Correction: This post was updated on June 30, 2017 to correct the judge assigned to the case. It is Judge Daniel J. Kubasiak, not Judge Allen Walker.
After listening to roughly an hour of arguments from attorneys representing Cook County and retailers, Circuit Court Judge Daniel Kubasiak delayed his decision on whether to impose a temporary restraining order (TRO) against the county’s sweetened beverage tax, set to be collected on Saturday, July 1. His order will be delivered at 2:30 p.m. Friday in Room 2005 at the Daley Center. Arguments focused only on whether a TRO should be granted, not on whether it should be struck down entirely.

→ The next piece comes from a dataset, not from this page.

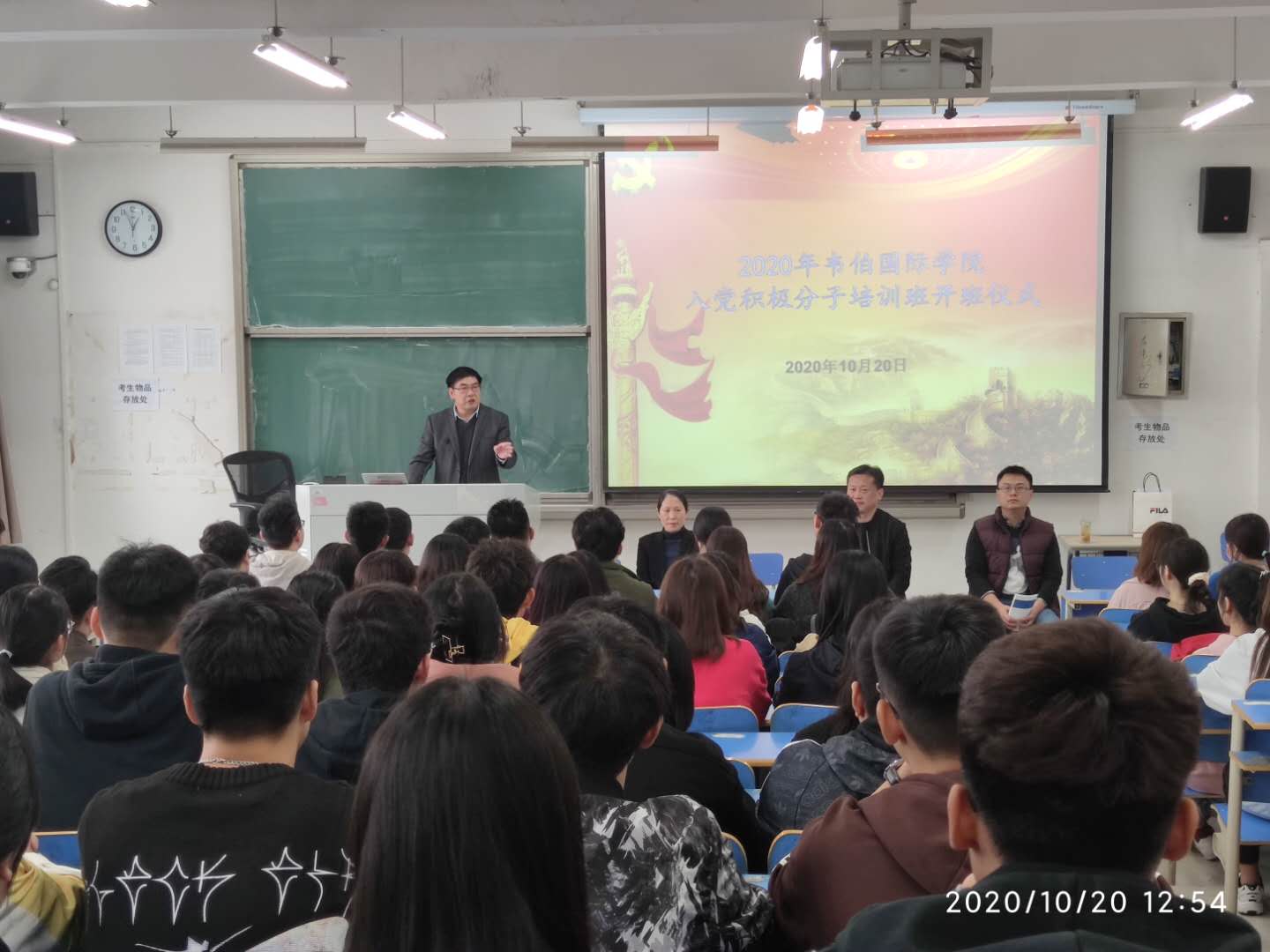 按照公司党委组织部2020年党建工作总体部署,为加强对入党积极分子的培养教育,提高入党积极分子的政治思想素质和理论水平,严把党员“入口关”,提高发展党员质量,韦伯国际公司党总支于10月20日——27日组织了韦伯国际公司2020年春、秋期入党积极分子培训班(因上半年受疫情影响,春期入党积极分子培训与秋期合班进行),韦伯国际公司党政领导班子成员出席培训开班式并分别进行授课,公司18级、19级的120余名积极分子参加培训。

David Ruskin, the attorney for retailers, argued one of the “most compelling” reasons to grant the TRO was because there was no mechanism to refund consumers if the tax was ultimately struck down. He said “it will be impossible for the county” to estimate the number of consumers paying the tax and adequately refund them. Customers could then file a class action suit against retailers, demanding their money back. County attorneys said the county could simply remit collections back to retailers, and customers could bring in receipts.
Ruskin said it was also unlikely retailers could comply with the county’s tax by July 1, given the number of revisions the county has made since June 1 (that SNAP purchases would be exempt, guidelines for shelf tags and menus, and distributor registration regulations). “The penalties, your honor, are monumental” for non-compliance–$1000 per offense. “Those penalties will put retailers out of business.”
The tax is also likely to be struck down because it’s unconstitutional, violating the “uniformity clause of the Illinois Constitution”–because similar drinks aren’t taxed the same way. Ruskin’s example was a Starbucks frappuccino–a bottled one bought at a store is taxed, but one made by a barista isn’t.
Cook County Assistant State’s Attorneys Sisavanh Baker and James Beligratis said while the regulations have been tinkered with in recent weeks, on its face, the tax has not changed, is not “impermissibly vague,” as opponents have argued and “doesn’t have to be perfect.” The beverage tax is similar to existing taxes on tobacco, cigarettes, gasoline, and bottled water. All withstood legal challenge, she said.
But Judge Kubasiak pressed county attorneys on several issues, asking: orange juice has natural sugar–why isn’t it taxed? Why not go after salt or fat? If the tax is for health purposes, why aren’t those revenues going to the county’s health fund?
County attorneys argued that the harm to the county and its residents is much greater if the tax is stopped than it is to retailers if the tax is allowed to continue. She recited health statistics about the sugary beverages, and its disproportionate health impact in minority communities. The county’s budget is relying on $67 million in revenue from the tax to be collected this year alone, and 2,600 positions are at risk, she said.
“Don’t go there. Don’t try to make the argument that they’re all necessary,” Judge Kubasiak said. Baker said she was only trying to demonstrate that halting the tax would do more damage to the county than to retailers.
Noting he’d only received motions 24 hours earlier, Judge Kubasiak asked both sides to submit arguments and draft orders in writing, and said he would have his final decision on Friday.